Exercise instructions: Repeat everything in the data exactly except images.

Data segment:
####################
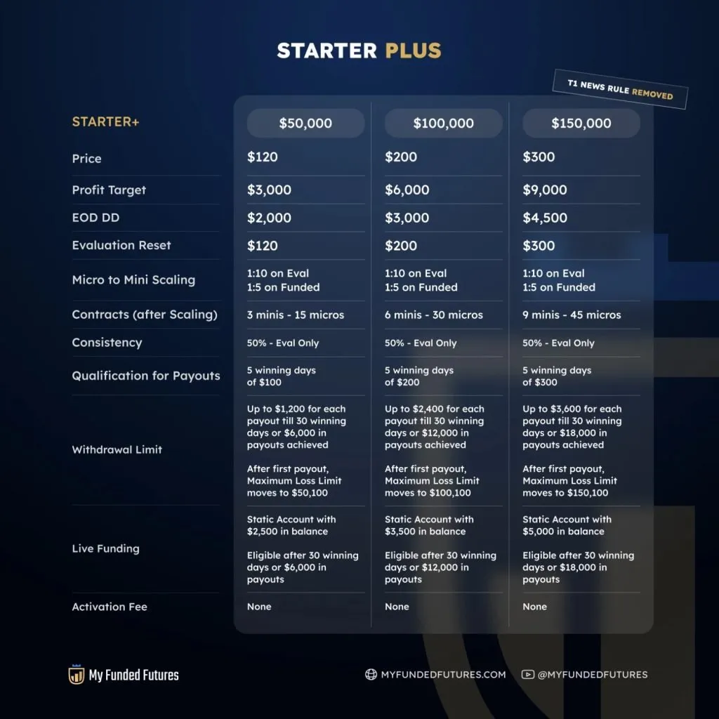 The MFFU Starter Plus account is the newest addition to the funded plans available. It is designed for aspiring traders looking to enter the funded trading world with minimal risk. This account offers additional features to the original starter plan as well as a low-cost entry point while providing access to real capital for futures trading.
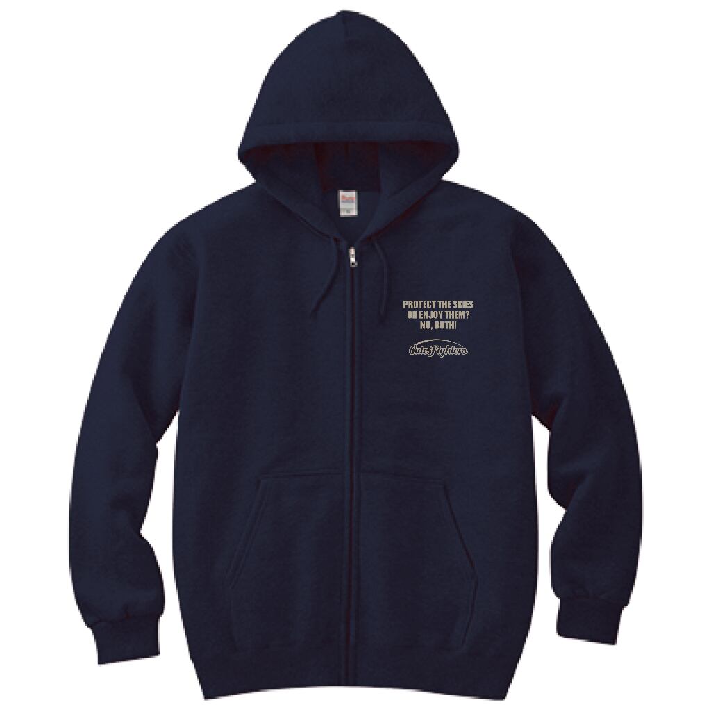 戦闘機をカッコ可愛く擬人化したイラストがプリントされたジップアップパーカー。
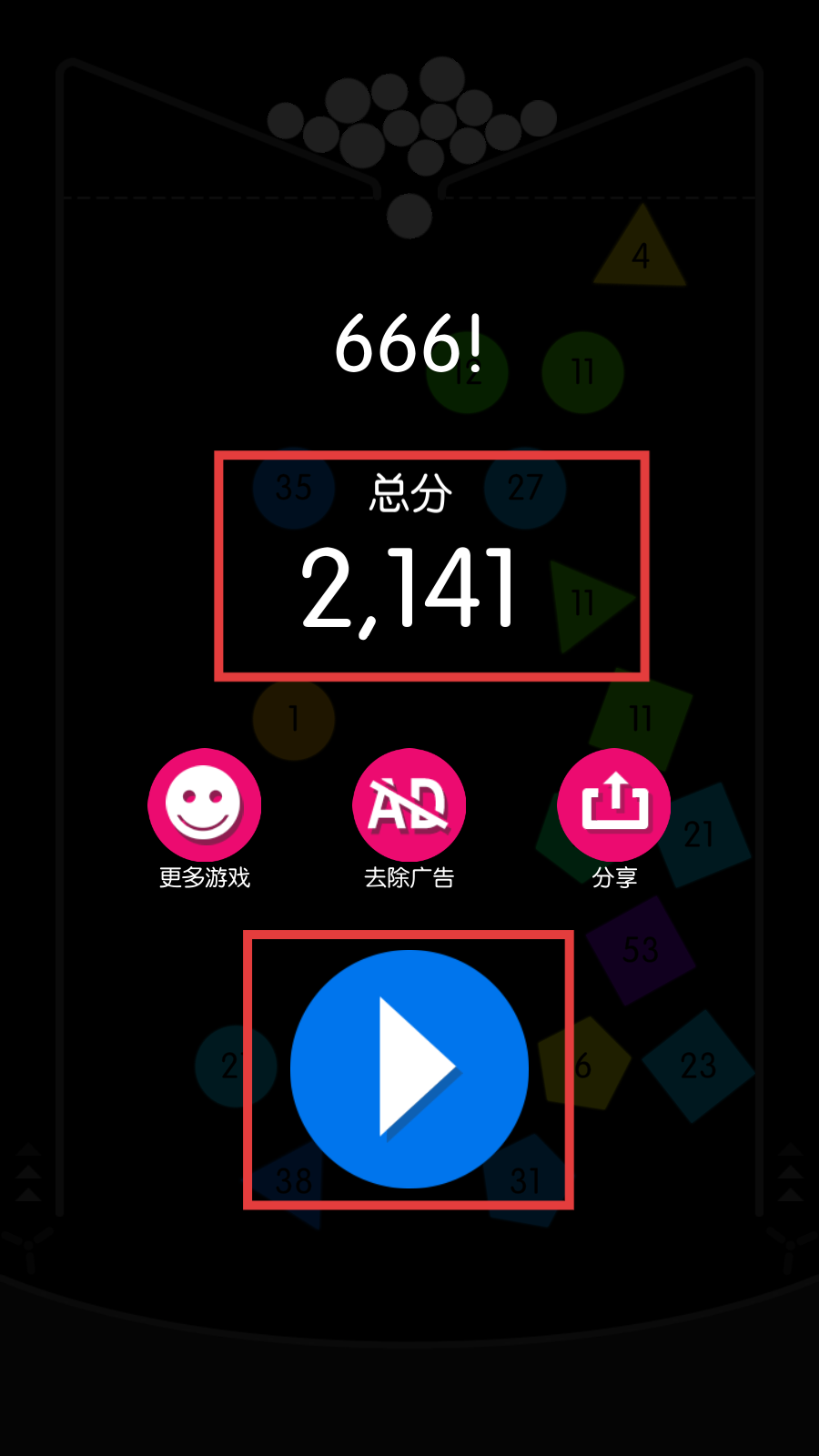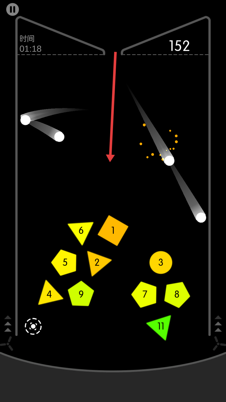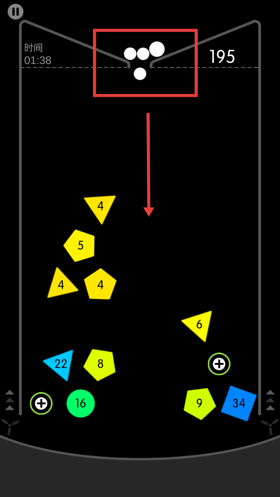 3、盡量讓彈球在上方聚集后再下落,這樣能更高效地?fù)舸蚨鄠€形狀,快速提升分?jǐn)?shù),注意不同形狀的數(shù)字和位置。
####################
Worked solution:
 The MFFU Starter Plus account is the newest addition to the funded plans available. It is designed for aspiring traders looking to enter the funded trading world with minimal risk. This account offers additional features to the original starter plan as well as a low-cost entry point while providing access to real capital for futures trading.
 戦闘機をカッコ可愛く擬人化したイラストがプリントされたジップアップパーカー。
 3、盡量讓彈球在上方聚集后再下落,這樣能更高效地?fù)舸蚨鄠€形狀,快速提升分?jǐn)?shù),注意不同形狀的數(shù)字和位置。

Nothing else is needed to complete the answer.